Eliud Kipchoge Berlin Marathon

World record holder Eliud Kipchoge will race the Boston Marathon for the first time on April 17.

Kipchoge, who at September’s Berlin Marathon lowered his world record by 30 seconds to 2:01:09, has won four of the six annual major marathons — Berlin, Tokyo, London and Chicago.

The 38-year-old Kenyan has never raced Boston, the world’s oldest annual marathon dating to 1897, nor New York City but has repeated in recent years a desire to enter both of them.

Typically, he has run the London Marathon in the spring and the Berlin Marathon in the fall.

Kipchoge’s last race in the U.S. was the 2014 Chicago Marathon, his second of 10 consecutive marathon victories from 2014 through 2019.

He can become the first reigning men’s marathon world record holder to finish the Boston Marathon since South Korean Suh Yun-Bok set a world record of 2:25:39 in Boston in 1947, according to the Boston Athletic Association.
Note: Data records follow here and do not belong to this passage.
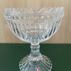 Iittala Marimekko skål i mörkgrön färg. Skålen har en räfflad design och en vågig kant upptill. Den står på en fot med en räfflad bas.
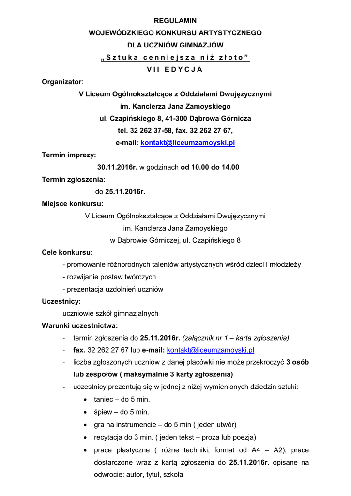 REGULAMIN WOJEWÓDZKIEGO KONKURSU ARTYSTYCZNEGO DLA UCZNIÓW GIMNAZJÓW „Sztuka cenniejsza niż złoto” VII EDYCJA Organizator: V Liceum Ogólnokształcące z Oddziałami Dwujęzycznymi im. Kanclerza Jana Zamoyskiego ul. Czapińskiego 8, 41-300 Dąbrowa Górnicza tel. 32 262 37-58, fax. 32 262 27 67, e-mail: [email protected] Termin imprezy: 30.11.2016r. w godzinach od 10.00 do 14.00 Termin zgłoszenia: do 25.11.2016r. Miejsce konkursu: V Liceum Ogólnokształcące z Oddziałami Dwujęzycznymi im. Kanclerza Jana Zamoyskiego w Dąbrowie Górniczej, ul. Czapińskiego 8 Cele konkursu: - promowanie różnorodnych talentów artystycznych wśród dzieci i młodzieży - rozwijanie postaw twórczych - prezentacja uzdolnień uczniów Uczestnicy: uczniowie szkół gimnazjalnych Warunki uczestnictwa: - termin zgłoszenia do 25.11.2016r. (załącznik nr 1 – karta zgłoszenia) - fax. 32 262 27 67 lub e-mail: [email protected] - liczba zgłoszonych uczniów z danej placówki nie może przekroczyć 3 osób lub zespołów ( maksymalnie 3 karty zgłoszenia) - uczestnicy prezentują się w jednej z niżej wymienionych dziedzin sztuki: taniec – do 5 min. śpiew – do 5 min. gra na instrumencie – do 5 min ( jeden utwór) recytacja do 3 min. ( jeden tekst – proza lub poezja) prace plastyczne ( różne techniki, format od A4 – A2), prace dostarczone wraz z kartą zgłoszenia do 25.11.2016r. opisane na odwrocie: autor, tytuł, szkoła teatr jednego aktora lub „wywiedzione ze słowa” – do 7 min. Podkłady muzyczne prosimy przygotować w formacie MP3 i przesłać do 25.11.2016r. na adres email: [email protected] (temat: VII edycja „Sztuka cenniejsza niż złoto”; treść: dane – szkoła, uczestnik ; załącznik – plik MP3) Zasady punktowania: - skala punktów od 0 do 5 Dla zwycięzców przewidziane są cenne i atrakcyjne nagrody. ARTYŚCI- GIMNAZJALIŚCI- GÓRĄ !!! Serdecznie zapraszamy!!! Koordynatorzy mgr Agata Benduska mgr Anna Chłosta mgr Aneta Cupiał załącznik nr 1 KARTA ZGŁOSZENIA Wojewódzki Konkurs Artystyczny VII edycja imię i nazwisko ucznia, członków zespołu …………………………………………......................................... ................................................................................................... ................................................................................................... wiek ..................... klasa ....................... dokładna nazwa szkoły: ................................................................................................. ................................................................................................. ................................................................................................. ................................................................................................ adres szkoły ................................................................................................ ................................................................................................ ................................................................................................ ................................................................................................ tel/fax ................................................................. e-mail szkoły ................................................................ imię i nazwisko opiekuna ................................................................ kategoria ................................................................................ wymagania techniczne niezbędne do występu ………………………………………………………………………………… ……………………………………………………………...………………… ………………………………………… Podpis opiekuna
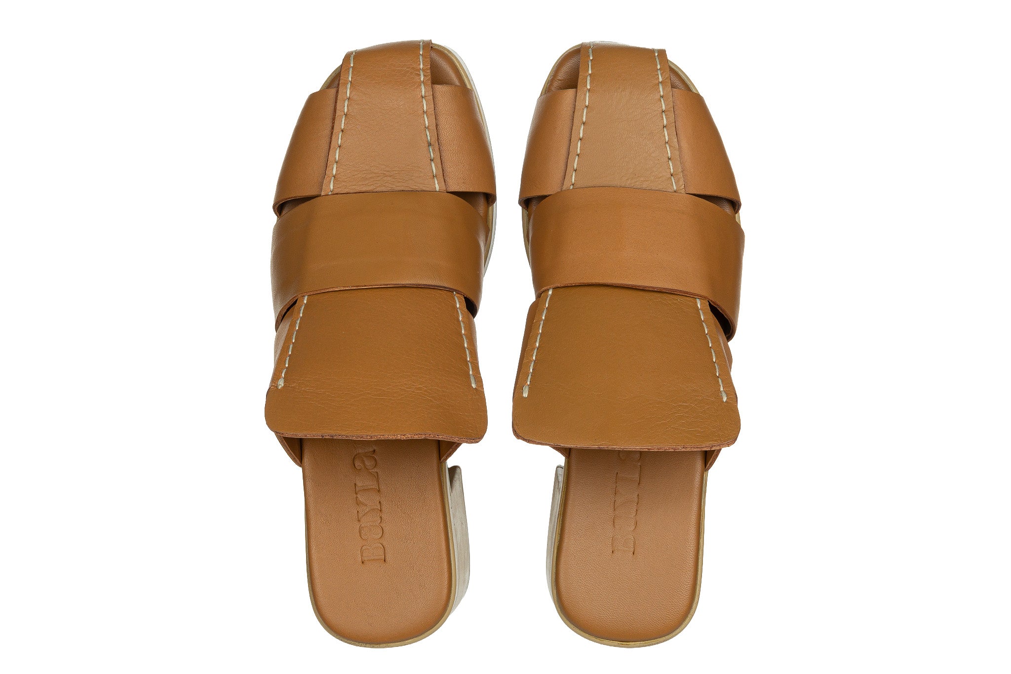 Klapki wykonane z miękkiej skóry naturalnej z szerokimi paskami o prostym, geometrycznym układzie.

In 2024 in Paris, Kipchoge is expected to race the Olympic marathon and bid to become the first person to win three gold medals in that event.

The Boston Marathon field also includes arguably the second- and third-best men in the world right now — Kipchoge’s Kenyan training partners Evans Chebet and Benson Kipruto. Chebet won Boston and New York City this year. Kipruto won Boston last year and Chicago this year.

American Des Linden, who won Boston in 2018, headlines the women’s field.